“Excess funds” should be a red flag about ICANN

A November 27, 2012 article on Slate ICANN, Make a Difference by Sascha Meinrath and Elliot Noss makes a suggestion of what can be done with the $100,000,000 plus of “Excess funds” anticipated by ICANN.  While the philosophy behind how to use the funds can be rationally debated, perhaps we should first look at why ICANN, presumably a non-profit organization supporting the Internet, is ending up with these vast sums.  Considering this is money being sucked out of large corporations who get their funds from consumers, is this in the consumer’s best interest?

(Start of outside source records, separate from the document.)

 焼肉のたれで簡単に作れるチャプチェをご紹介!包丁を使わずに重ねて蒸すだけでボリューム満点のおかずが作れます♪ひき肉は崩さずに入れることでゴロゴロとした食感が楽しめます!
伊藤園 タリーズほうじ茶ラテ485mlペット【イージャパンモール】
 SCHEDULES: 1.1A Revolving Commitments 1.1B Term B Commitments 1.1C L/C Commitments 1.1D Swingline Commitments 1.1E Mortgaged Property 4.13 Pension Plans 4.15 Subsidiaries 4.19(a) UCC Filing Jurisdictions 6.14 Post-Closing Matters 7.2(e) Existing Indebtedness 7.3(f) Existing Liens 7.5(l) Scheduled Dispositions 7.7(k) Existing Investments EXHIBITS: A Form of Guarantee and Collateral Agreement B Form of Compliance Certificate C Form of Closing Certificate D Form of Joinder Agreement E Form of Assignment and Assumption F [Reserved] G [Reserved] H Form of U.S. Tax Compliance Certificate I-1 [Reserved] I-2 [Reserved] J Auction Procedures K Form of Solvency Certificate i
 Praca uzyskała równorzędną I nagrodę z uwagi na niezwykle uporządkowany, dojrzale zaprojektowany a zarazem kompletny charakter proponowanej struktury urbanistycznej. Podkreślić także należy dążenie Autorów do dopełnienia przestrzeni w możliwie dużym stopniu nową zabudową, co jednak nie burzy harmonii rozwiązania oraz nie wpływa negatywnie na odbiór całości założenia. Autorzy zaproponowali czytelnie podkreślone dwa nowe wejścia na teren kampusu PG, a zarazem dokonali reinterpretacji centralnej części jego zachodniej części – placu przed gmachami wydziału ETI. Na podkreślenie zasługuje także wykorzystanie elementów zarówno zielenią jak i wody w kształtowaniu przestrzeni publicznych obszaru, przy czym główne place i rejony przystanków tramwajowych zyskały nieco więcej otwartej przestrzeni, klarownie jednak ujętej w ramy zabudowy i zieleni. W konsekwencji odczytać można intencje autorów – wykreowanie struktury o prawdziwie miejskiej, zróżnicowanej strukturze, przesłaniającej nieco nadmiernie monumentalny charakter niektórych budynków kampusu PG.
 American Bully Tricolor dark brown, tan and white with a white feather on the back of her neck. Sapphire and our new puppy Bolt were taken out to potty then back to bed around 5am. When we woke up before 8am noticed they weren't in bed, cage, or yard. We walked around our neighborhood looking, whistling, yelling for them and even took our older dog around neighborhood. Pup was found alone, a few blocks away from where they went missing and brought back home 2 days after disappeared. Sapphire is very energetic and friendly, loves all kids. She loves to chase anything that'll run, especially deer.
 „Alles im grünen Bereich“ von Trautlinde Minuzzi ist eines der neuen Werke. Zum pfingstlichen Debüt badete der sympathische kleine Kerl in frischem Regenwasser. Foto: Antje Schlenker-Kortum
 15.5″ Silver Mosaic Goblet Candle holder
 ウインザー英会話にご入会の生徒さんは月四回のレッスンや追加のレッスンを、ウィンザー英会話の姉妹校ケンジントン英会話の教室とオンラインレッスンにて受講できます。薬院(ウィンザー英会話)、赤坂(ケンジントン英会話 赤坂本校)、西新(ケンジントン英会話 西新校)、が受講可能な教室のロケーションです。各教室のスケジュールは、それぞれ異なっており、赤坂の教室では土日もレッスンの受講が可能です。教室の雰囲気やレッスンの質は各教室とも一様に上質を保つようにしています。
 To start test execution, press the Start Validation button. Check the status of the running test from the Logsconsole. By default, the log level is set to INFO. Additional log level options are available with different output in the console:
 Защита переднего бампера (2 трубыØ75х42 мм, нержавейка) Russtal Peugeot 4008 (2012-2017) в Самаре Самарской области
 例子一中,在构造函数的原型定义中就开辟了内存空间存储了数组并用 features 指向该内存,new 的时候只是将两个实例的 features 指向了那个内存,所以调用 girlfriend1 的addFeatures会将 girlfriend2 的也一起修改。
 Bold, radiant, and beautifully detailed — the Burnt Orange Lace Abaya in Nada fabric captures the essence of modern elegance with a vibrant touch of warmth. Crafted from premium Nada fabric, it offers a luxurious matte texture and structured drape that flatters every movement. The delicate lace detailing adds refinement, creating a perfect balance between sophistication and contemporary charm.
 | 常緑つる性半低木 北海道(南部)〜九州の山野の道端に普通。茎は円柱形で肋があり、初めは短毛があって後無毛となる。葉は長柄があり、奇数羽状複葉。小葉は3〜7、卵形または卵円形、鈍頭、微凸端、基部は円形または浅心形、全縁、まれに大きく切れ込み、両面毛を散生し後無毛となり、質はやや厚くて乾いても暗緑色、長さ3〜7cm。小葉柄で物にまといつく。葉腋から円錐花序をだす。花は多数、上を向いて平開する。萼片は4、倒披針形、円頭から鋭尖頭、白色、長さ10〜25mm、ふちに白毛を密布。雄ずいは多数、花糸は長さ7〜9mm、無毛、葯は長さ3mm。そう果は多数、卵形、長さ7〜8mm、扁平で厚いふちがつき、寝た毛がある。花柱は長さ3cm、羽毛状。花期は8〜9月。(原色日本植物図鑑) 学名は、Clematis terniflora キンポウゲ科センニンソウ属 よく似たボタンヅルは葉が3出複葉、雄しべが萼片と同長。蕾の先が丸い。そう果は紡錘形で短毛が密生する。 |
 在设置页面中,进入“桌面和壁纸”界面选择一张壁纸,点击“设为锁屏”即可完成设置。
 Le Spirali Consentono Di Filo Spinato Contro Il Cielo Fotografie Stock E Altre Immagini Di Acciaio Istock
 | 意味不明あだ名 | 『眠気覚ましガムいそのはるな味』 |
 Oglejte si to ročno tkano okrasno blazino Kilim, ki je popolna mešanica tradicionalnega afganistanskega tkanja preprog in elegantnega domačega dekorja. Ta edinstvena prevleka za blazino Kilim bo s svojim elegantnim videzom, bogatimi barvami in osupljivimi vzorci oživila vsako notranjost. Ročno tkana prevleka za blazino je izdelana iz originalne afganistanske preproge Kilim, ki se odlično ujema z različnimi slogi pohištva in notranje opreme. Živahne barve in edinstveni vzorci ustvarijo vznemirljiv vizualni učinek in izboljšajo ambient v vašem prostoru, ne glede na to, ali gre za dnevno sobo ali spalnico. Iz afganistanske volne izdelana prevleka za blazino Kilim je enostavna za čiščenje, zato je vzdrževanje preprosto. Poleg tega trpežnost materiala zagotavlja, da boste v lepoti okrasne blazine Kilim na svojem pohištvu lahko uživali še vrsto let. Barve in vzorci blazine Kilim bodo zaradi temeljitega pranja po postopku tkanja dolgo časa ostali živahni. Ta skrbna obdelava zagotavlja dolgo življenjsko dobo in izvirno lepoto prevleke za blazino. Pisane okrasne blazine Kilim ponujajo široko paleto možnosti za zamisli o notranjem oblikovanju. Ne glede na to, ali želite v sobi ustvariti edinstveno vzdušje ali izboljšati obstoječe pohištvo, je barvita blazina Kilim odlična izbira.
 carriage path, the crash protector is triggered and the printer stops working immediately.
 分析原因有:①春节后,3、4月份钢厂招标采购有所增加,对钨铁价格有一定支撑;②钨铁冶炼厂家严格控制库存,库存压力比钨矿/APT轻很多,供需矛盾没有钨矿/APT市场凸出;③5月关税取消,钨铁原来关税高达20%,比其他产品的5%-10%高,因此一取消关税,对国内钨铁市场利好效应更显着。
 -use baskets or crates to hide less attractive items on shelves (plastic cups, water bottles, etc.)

The domain name market, or perhaps better called the domain name racket, sucks an annual rental fee from domain name holders that when multiplied hundreds of millions ends up being a lot of money.  Spending a few million to bid on a TLD would easily return to the investor many times over in annual rental fees.

Domain names, formally a free service operated by just one man, have exploded into a multibillion dollar industry because of a rental policy.  It is wildly assumed that this is the way it has to be because of the technology of the Internet.  However, this is just policy and technology can easily eliminate the rental model.

Why would ICANN want to change from a rental model to an ownership model when they would rather deal with “excessive funds” and have a history of self-generosity?  It is reasonable to assume that they have no desire to change the model.   The only solution is to have it forced upon them.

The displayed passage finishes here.